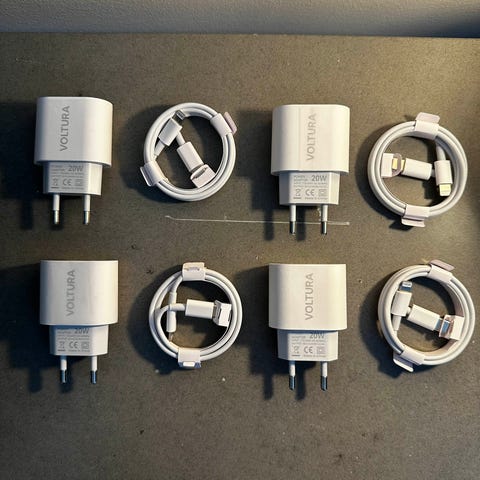To hurtigladere med tilhørende lightning ladekabler. Produktet inkluderer to veggladere og to ladekabler. Egnet for lading av kompatible Apple-enheter (iPhone 5-14).
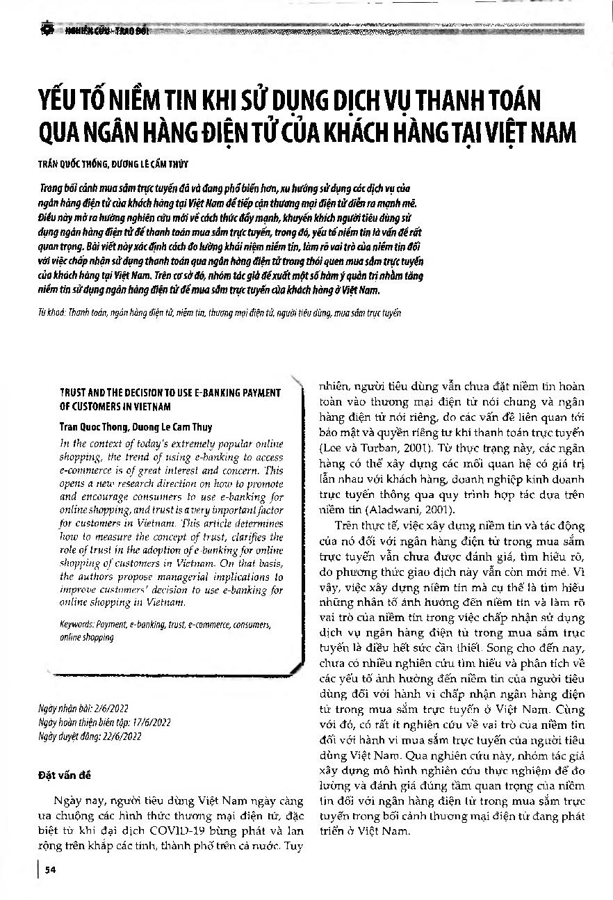 Yếu tố niềm tin khi sử dụng dịch vụ thanh toán qua ngân hàng điện tử của khách hàng tại Việt Nam = Trust and the decision to use e-banking payment of customers in Vietnam
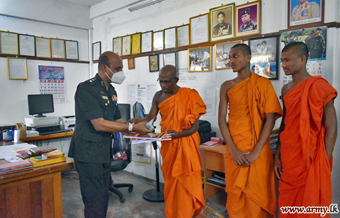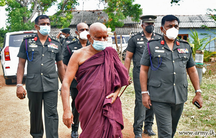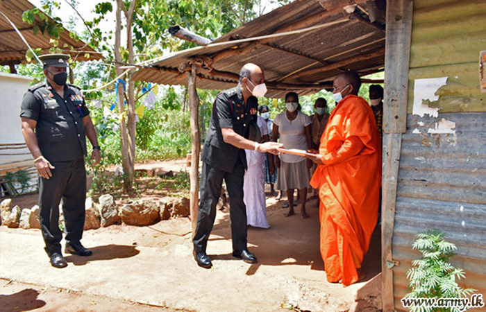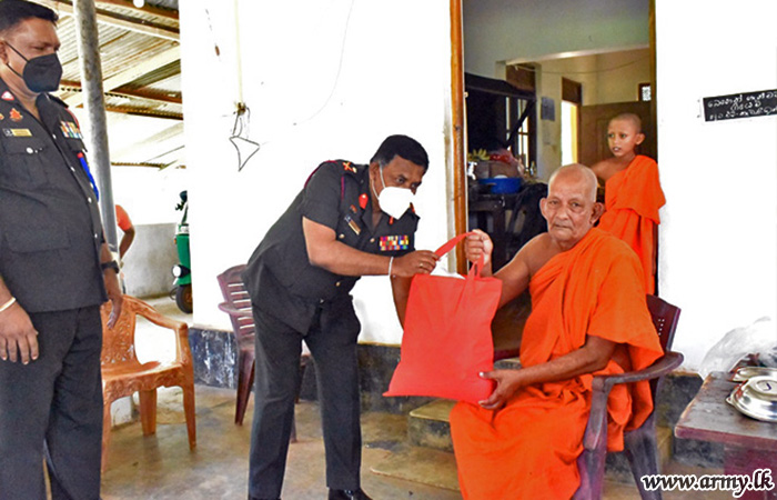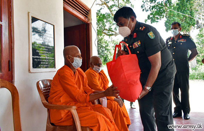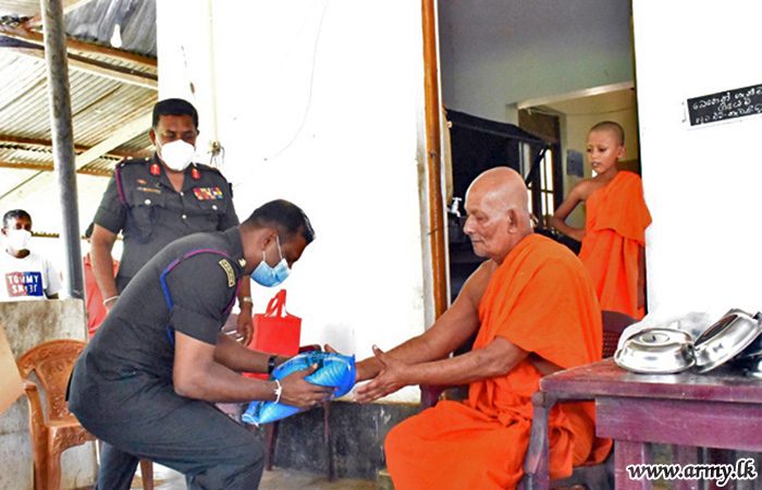 With the objective of providing relief and alleviating hardships, being faced by Buddhist monks and nuns in remote temples/monasteries due to COVID-19 pandemic and imposed travel restrictions, the 65 Division HQ troops under the Security Force HQ-Wanni on account of Poson Poya day (24) took steps to provide those places with essentials and dry rations following sponsorship, provided by an expatriate in Canada.
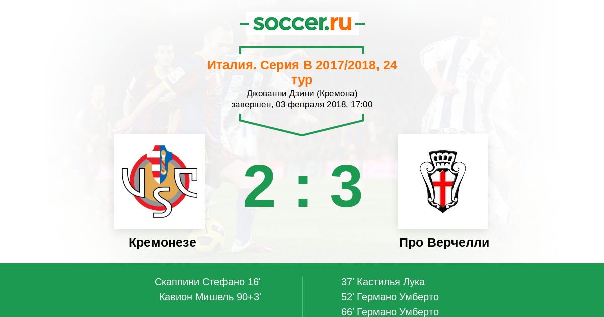 Кремонезе - Про Верчелли: обзор матча 3 февраля 2018
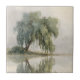 Ceramic Tile - Calming watercolor willow tree with soft green foliage and peaceful lake reflection. Ideal for nature lovers, mindfulness seekers, and those who love tranquil, relaxing scenery.
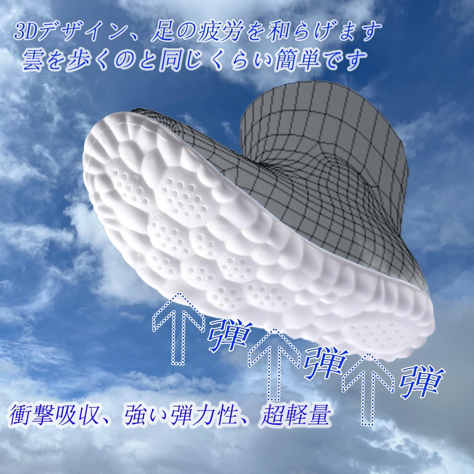 衝撃吸収抜群 低反発素材は素早く元の形状に戻り、歩行や運動中の地面からの衝撃を効果的に和らげます。衝撃吸収性で快適な履き心地を提供し、一日中立ち買い物をしても疲れません。着用中に素晴らしい弾力性が維持され、スポーツなどに最適です。
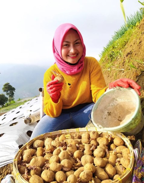 "Saya itu belajar bertani dari suami saya, diajarin. Terus cara menanamnya itu kayak gini. Terus merawat tanaman seperti ngobat, ngobat tanaman itu, kayak gini," lanjutnya.
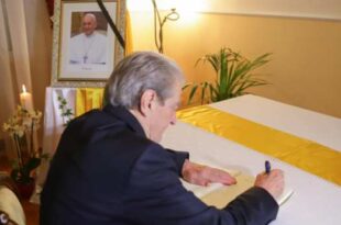 Kryetari i PD, Sali Berisha ka bërë homazhe për Papa Franceskun, pranë Nunciaturës Apostolike në …
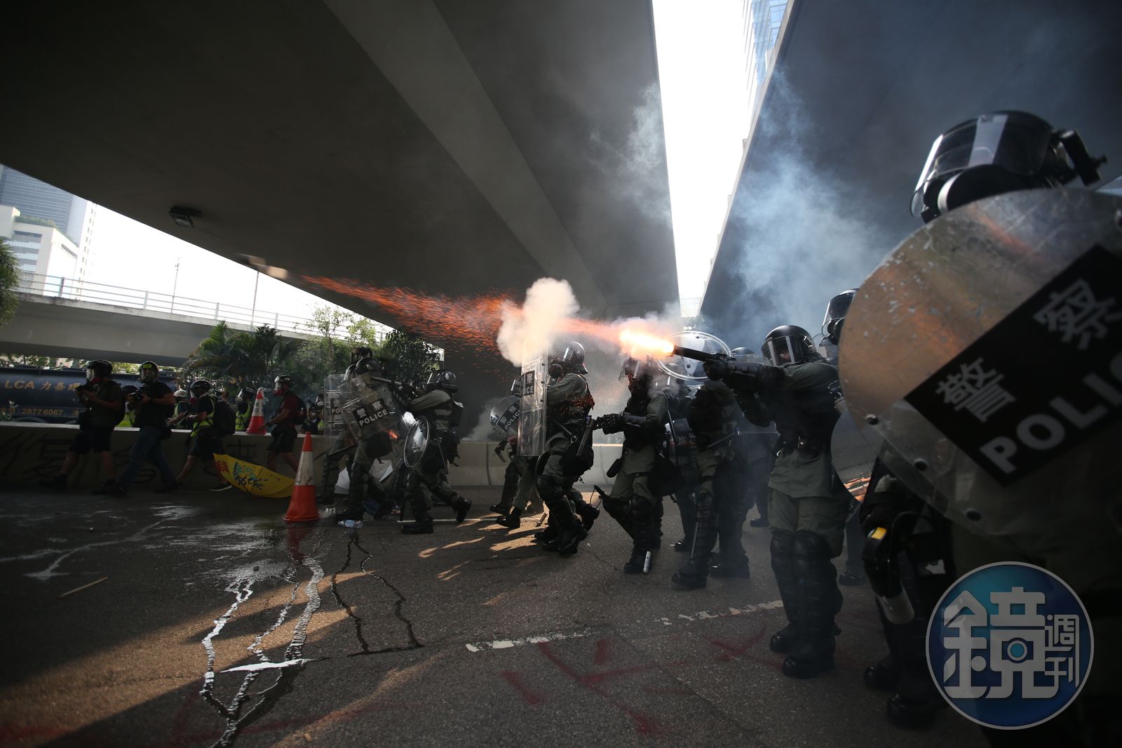 另外,4點半偉業街也爆發警民衝突,部分示威者向防暴警察投擲石頭與磚頭,警方施放催淚彈試圖驅散,隨後速龍小隊也連開多槍胡椒球槍,不過雙方仍持續對峙。晚間6點半,警方再度發射多發催淚彈,示威者被逼退轉至觀塘道,隨後防暴警在觀塘道進行推進,拆除示威者架設路障,並舉起藍旗警告,警民衝突仍持續不斷。

+---+

• **WHAT THE TASK REQUIRES**
Output the data exactly as it is, with the pictures dropped.

• **TASK ANSWER**
To hurtigladere med tilhørende lightning ladekabler. Produktet inkluderer to veggladere og to ladekabler. Egnet for lading av kompatible Apple-enheter (iPhone 5-14).
 Yếu tố niềm tin khi sử dụng dịch vụ thanh toán qua ngân hàng điện tử của khách hàng tại Việt Nam = Trust and the decision to use e-banking payment of customers in Vietnam
 With the objective of providing relief and alleviating hardships, being faced by Buddhist monks and nuns in remote temples/monasteries due to COVID-19 pandemic and imposed travel restrictions, the 65 Division HQ troops under the Security Force HQ-Wanni on account of Poson Poya day (24) took steps to provide those places with essentials and dry rations following sponsorship, provided by an expatriate in Canada.
 Кремонезе - Про Верчелли: обзор матча 3 февраля 2018
 Ceramic Tile - Calming watercolor willow tree with soft green foliage and peaceful lake reflection. Ideal for nature lovers, mindfulness seekers, and those who love tranquil, relaxing scenery.
 衝撃吸収抜群 低反発素材は素早く元の形状に戻り、歩行や運動中の地面からの衝撃を効果的に和らげます。衝撃吸収性で快適な履き心地を提供し、一日中立ち買い物をしても疲れません。着用中に素晴らしい弾力性が維持され、スポーツなどに最適です。
 "Saya itu belajar bertani dari suami saya, diajarin. Terus cara menanamnya itu kayak gini. Terus merawat tanaman seperti ngobat, ngobat tanaman itu, kayak gini," lanjutnya.
 Kryetari i PD, Sali Berisha ka bërë homazhe për Papa Franceskun, pranë Nunciaturës Apostolike në …
 另外,4點半偉業街也爆發警民衝突,部分示威者向防暴警察投擲石頭與磚頭,警方施放催淚彈試圖驅散,隨後速龍小隊也連開多槍胡椒球槍,不過雙方仍持續對峙。晚間6點半,警方再度發射多發催淚彈,示威者被逼退轉至觀塘道,隨後防暴警在觀塘道進行推進,拆除示威者架設路障,並舉起藍旗警告,警民衝突仍持續不斷。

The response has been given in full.